Preventing online payment fraud

67 points by erangalp 14 years ago · 24 comments

Reader

This article is amazingly worth your time. Endorsement out of the way I have one quibble and some elaboration:

I don't exactly love conflating buyer's remorse with payment fraud, since buyer's remorse is a psychological phenomenon and happens independently of fraudulent intent. Then again that's a bit hairsplitting.

So, you're a digital goods business. What can you do to reduce the odds that a customer requests a transaction get reversed, given that the customer initially did authorize the transaction?

1) Do nothing. Treat this as a cost of doing business. This works astounding well for many client populations, which have naturally low refund rates. (I'll give you a refund for any reason whatsoever, and I give out substantially less than 2%. Not worth optimizing.)

But maybe you've made the decision to target poor customers, startups, infovores (they buy more books/videos/etc on X than they can consume or make effective use of, and have disproportionately high refund rates), or an audience demographically dissimilar to American housewives. OK, we still have options:

2) Add value to the one-time download by, e.g., providing a support channel gated on having an account in good standing. Note that this also lets you do fantastically lucrative things like e.g. the club model for digital goods (recurring payment for one-time downloads), which e.g. put WooThemes on the map.

3) For infovore-heavy niches, many people will suggest forcing delayed gratification on the customer. For example, let's say you have just sold someone 5 videos / ebooks / etc with expected consumption time of 2 hours each. Rather than hitting them with 10 hours of video all at once, you drip them out to the user at 2 hours per week for 5 weeks.

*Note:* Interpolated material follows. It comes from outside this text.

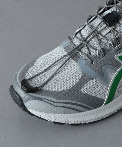 今作は、アウトドアからタウンユースまで活躍するGEL-TERRAINをベースに、SAN SAN GEARの特徴的なテックウエアのデザイン要素を取り入れた。
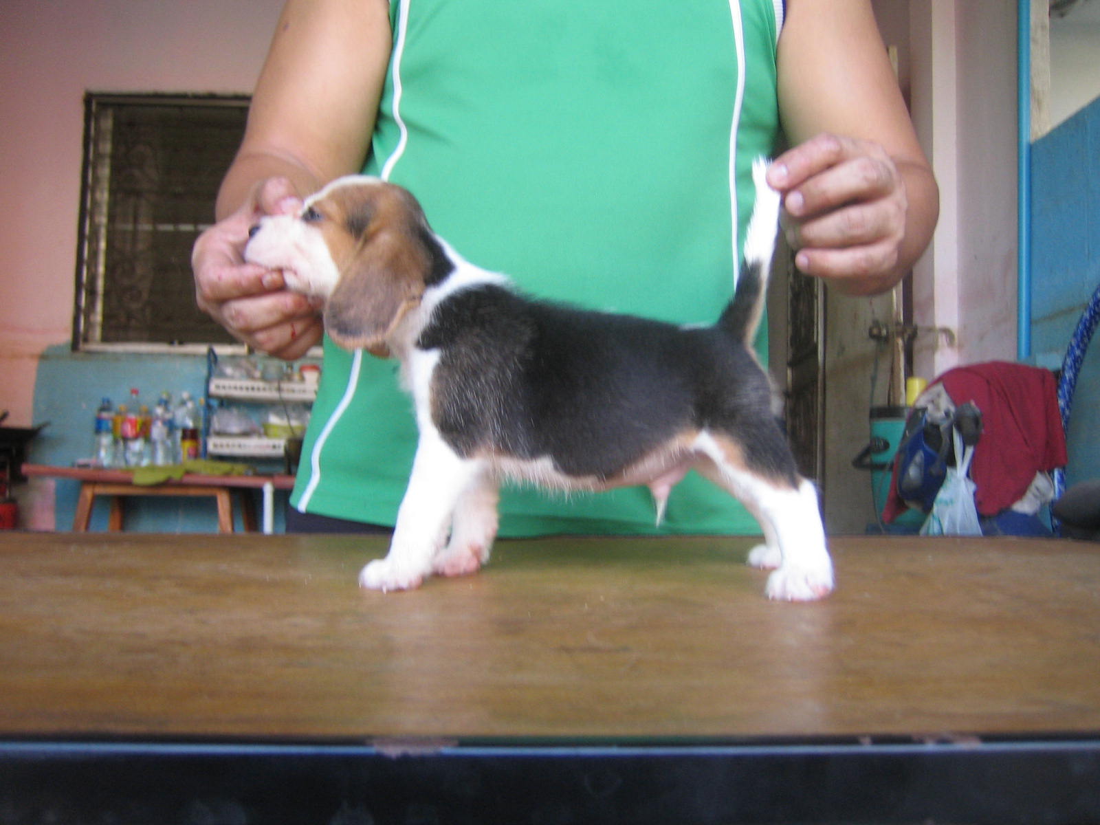 ลูกบีเกิ้ลอายุ 20-60 วัน โครงสร้างสวย ไซด์ 13 นิ้ว มีให้เลือก 7 ตัว มีใบเพดดีกรี

This can be timed such that they don't get the final video until after your money-back guarantee expires. That's totally optional, though. The theory is that a) you avoid overwhelming people and b) getting in their inbox 5 times with announcements of even more value they got from you helps to prevent a common problem of "Oh, didn't actually have enough time to read/watch/act on that because I totally forgot to make that time, guess I should return it."

4) A lot of savvier folks in this space have customer communities where a) the interaction between customers adds value on top of the product, b) desire to maintain the interaction incentivizes people to not leave, and c) customers will (for their own reasons) do significant amounts of boring work for free, such that you don't have to add a not-so-lucrative "Infinite free support" sideline to a lucrative digital goods business.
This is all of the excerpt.